Quantitative RT-PCR and RNA sequencing

Quantitative real-time PCR (qRT-PCR) analysis was performed as previously described (23). Total RNAs were isolated by using Trizol reagent (Invitrogen) following manufacturer’s instructions. cDNA synthesis was obtained using with PrimeScript^TM RT reagent kit (TaKaRa, Japan) and analyzed by qRT-PCR using SYBR Premix Ex Taq (TaKaRa). The values were normalized to the level of L32. Primer sequences are listed in Supplementary Table S1. For RNA sequencing analysis, RNA quality was assessed by Agilent 2100 bioanalyzer using the RNA 6000 Nano Chip (Agilent Technologies, Amstelveen, Netherlands) and RNA quantification was performed with ND-2000 Spectrophotometer (Thermo Scientific, Massachusetts, USA). For control and test RNAs, the library was constructed by using QuantSeq 3’ mRNA-Seq Library Prep Kit (Lexogen, Inc., Vienna, Austria) according to the manufacturer’s instructions. High-throughput sequencing was carried out as single-end 75 sequencing using NextSeq 500 (Illumina, Inc., California, USA).
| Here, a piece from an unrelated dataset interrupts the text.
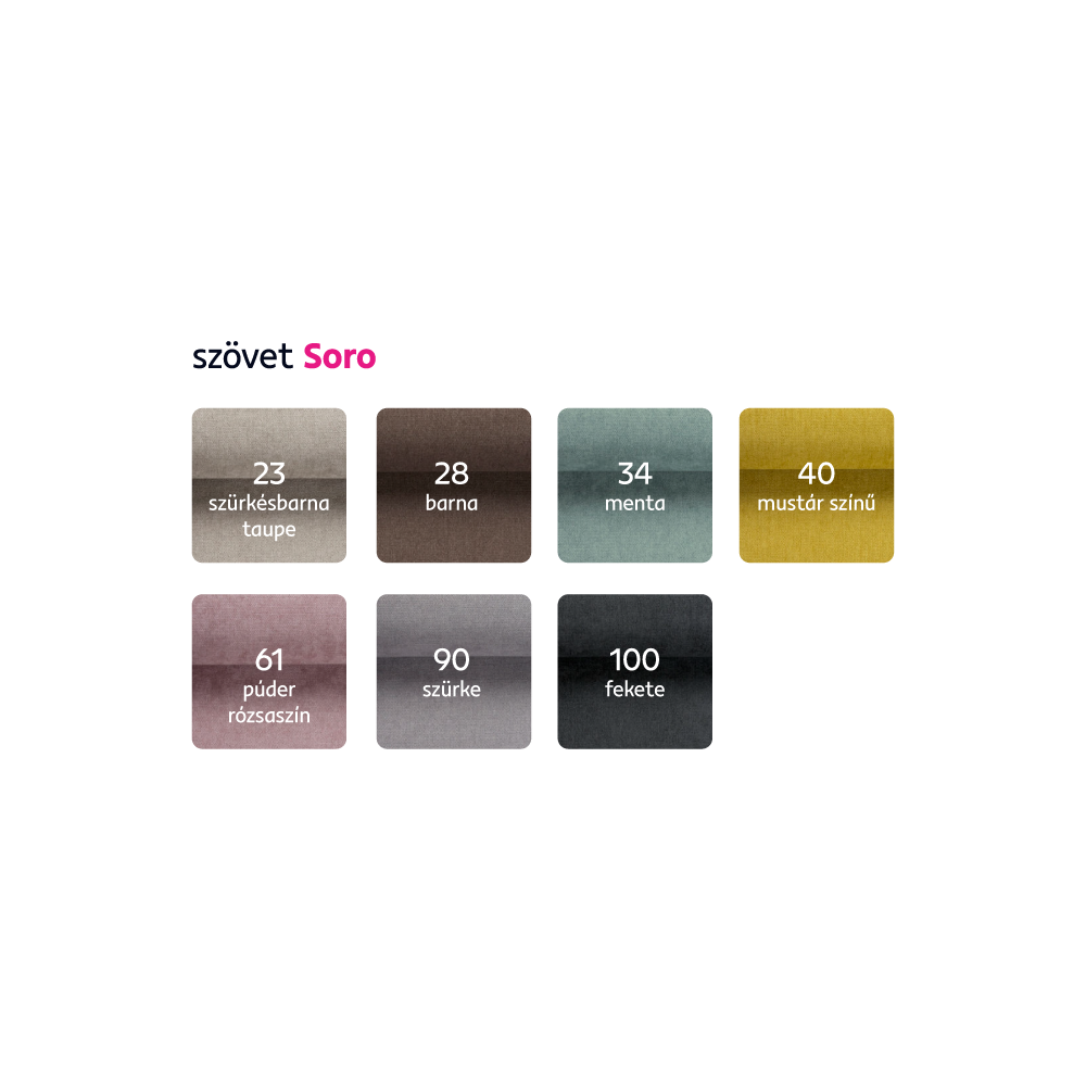A kanapét a Soro szövet 7 színváltozatában megvásárolhatja a mintafüzet alapján is BUTON R összecsukható 755 900 Ft és BUTON P fix 696 500 Ft.. Választását közvetlenül a megrendelés megjegyzései közé írja be. Egyedi megrendelés esetén az adott összeg 20%-át előlegként szükséges befizetni. Az előleg befizetése után a kérése gyártásba kerül. A szállítási idő 6-8 hét.

QuantSeq 3’ mRNA-Seq reads were aligned using Bowtie2 (24). Differentially expressed genes were determined based on the counts from unique and multiple alignments using coverage in Bedtools (25). The RT (Read Count) data were processed based on Quantile normalization method using Bioconductor-edgeR within R (R development Core Team, 2016) (26). Gene classification was based on the searches done by DAVID (http://david.abcc.ncifcrf.gov/) and Medline databases (http://www.ncbi.nlm.nih.gov/).

Electrophysiology

Coverslips were transferred to a recording chamber mounted to a microscope (Olympus, Tokyo, Japan) for electrophysiological recordings. Experiments were performed on DIV 3 neurons in culture using the whole-cell patch clamp technique. Data were collected using a Multi-Clamp 700B amplifier (Molecular Devices, California, USA), data acquisition system (Digidata 1550, Molecular Devices), and Igor Pro analysis software (Wavemetrics). The cells were superfused at 2∼3 ml/min with solution of the following composition; 143 mM NaCl, 5.4 mM KCl, 5 mM HEPES, 0.5 mM NaH₂PO₄, 0.5 mM MgCl₂, 1.8 mM CaCl₂ and 11.1 mM Glucose (pH 7.4, 300∼305 mOsmol/kg). Whole-cell patch clamp recordings were made at room temperature using micropipettes (3∼5MΩ, Sutter Instrument, Califormia, USA) filled with an internal solution containing 143 mM K-Gluconate, 15 mM HEPES, 7 mM KCl, 0.1 mM EGTA, 4 mM Mg-ATP, 0.3 mM Na-GTP and 4 mM Na-Ascorbate (pH 7.3, 290∼295 mOsmol/kg). The following parameters were measured: (1) the resting membrane potential (RMP), (2) the input resistance (IR, membrane potential changes (V) for given hyperpolarizing current (−30 pA, 500 min) input), (3) after-hyperpolarization (AHP), (4) AP threshold current (current threshold for single action potential generation, 30 min duration), (5) AP amplitude, (6) AP incidence. Voltage-gated sodium and potassium channels were detected in voltage-clamp mode at a holding potential of −70 mV. The holding potential was changed in a stepwise fashion from −60 to +50 mV in 10 mV increments for 1 sec and the voltage-gated peak inward current and sustained outward current (between 800 and 900 min) were measured for each step.

Statistical analysis

Values are means±SEM or SD as noted in figure legends. Statistical significance was calculated using paired or unpaired two-tailed Student’s t test; Differences were considered significant at *p<0.05, **p<0.01, ***p<0.001.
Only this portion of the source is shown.